El
brillo de las luces del naciente sol se vislumbraban a través de las ventanas.
Se veía una nueva tierra. Un lugar que está un día adelante del sol, pero a un
millón de años luz de la vida.
¿Japón?
Pokemon y Dragon Ball. Sushi y sumo. El tren bala y el Monte Fuji. El anime y
el hentai. Qué más iba a saber. Nadie me dijo que tenían tres alfabetos, uno
más complicado que el otro. Qué iba a saber que los desadaptados se paran en
los 7 Eleven por dos horas a leer manga. Jamás sabría que se inventaron unos
triangulitos de arroz llamados onigiris que consisten en el cielo envuelto en
una alga. Nunca, pero nunca, imaginé que existía un lugar en el universo en el
que te agradecen y te hacen una venia cuando sales del estadio tras haber
gritado, puteado e insultado.
El
distanciamiento genera una percepción de entrevisto de la historia.
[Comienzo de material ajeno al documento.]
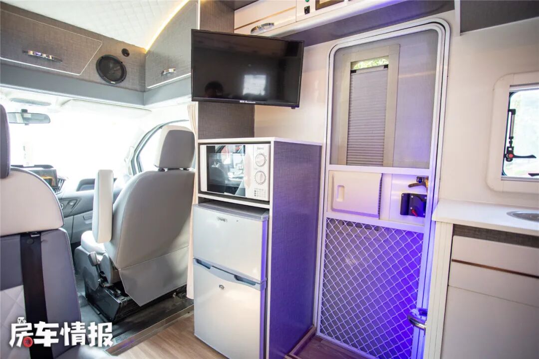 在车辆中门两侧都是厨房区域,一侧是微波炉和房车专用冰箱,微波炉上方还有一块置物平台,可以当作一上车的小吧台来使用。在车门另一侧是电磁炉和洗菜池,下方则是组合储物柜,在操作台上方还有行车空调出风口。
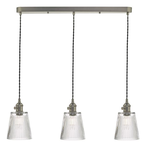 Dar Hadano 3 Light Antique Chrome Suspension With Ribbed Glass Shades (HAD3661-05)

De cómo decisiones
anteriormente tomadas conllevan a unos a triunfar y a otros a verse sumidos en
un mundo no tan triunfante.
Difícil
coexistir en un país que está a la par del avance y de lo que en el tercer mundo
se conoce como la “civilización”, pero a la vez mantiene una lucha permanente
por subsistir a costa de sus raíces y sus tradiciones que mantuvo celosamente
bajo llave durante doscientos años.
Basta
con una hora en el aeropuerto para darse cuenta por qué la histeria hacia la
conservación de ciertos aspectos que terminan siendo únicamente ligeros
detalles. Pues, son estos detalles los que hacen que una insignificante isla sea
la tercera economía del mundo, tenga la mayor esperanza de vida y haya
reconstruido una vía 5 (cinco) días después de que el peor terremoto de su
historia la hubiera devorado.
Basta
con una hora para que desde ya el país te empiece a cautivar. La invisibilidad
del afecto golpea con mayor impacto y su efecto, con tanto descontrol, deja una
dubitación sobre si nuestra existencia y nuestra ubicación es real, es añorada
o es mentira.
En
la tierra de los samuráis, sabios honorables con la lealtad como su arma más
preciada, el cielo tiene un azul más penetrante. El viento tiene un olor que es
frío, pero que agrada cada vez que se abre la ventana. La naturaleza produce
una sensación húmeda pero, a la vez, un aspecto ardiente.
Fueron
estos mismos samuráis quienes, al abrirse al mundo, cometieron el mayor acierto
desde que crearon el nikuman (dumpling tipo japonés) y el mayor error desde que
lo limitaron sólo a los tiempos del invierno.
Pero
bueno, ya está, la cagaron. Le dijeron hola qué tal al capitalismo y al Súper
Bowl y estos les tendieron un codo recubierto de uranio. Qué se puede hacer.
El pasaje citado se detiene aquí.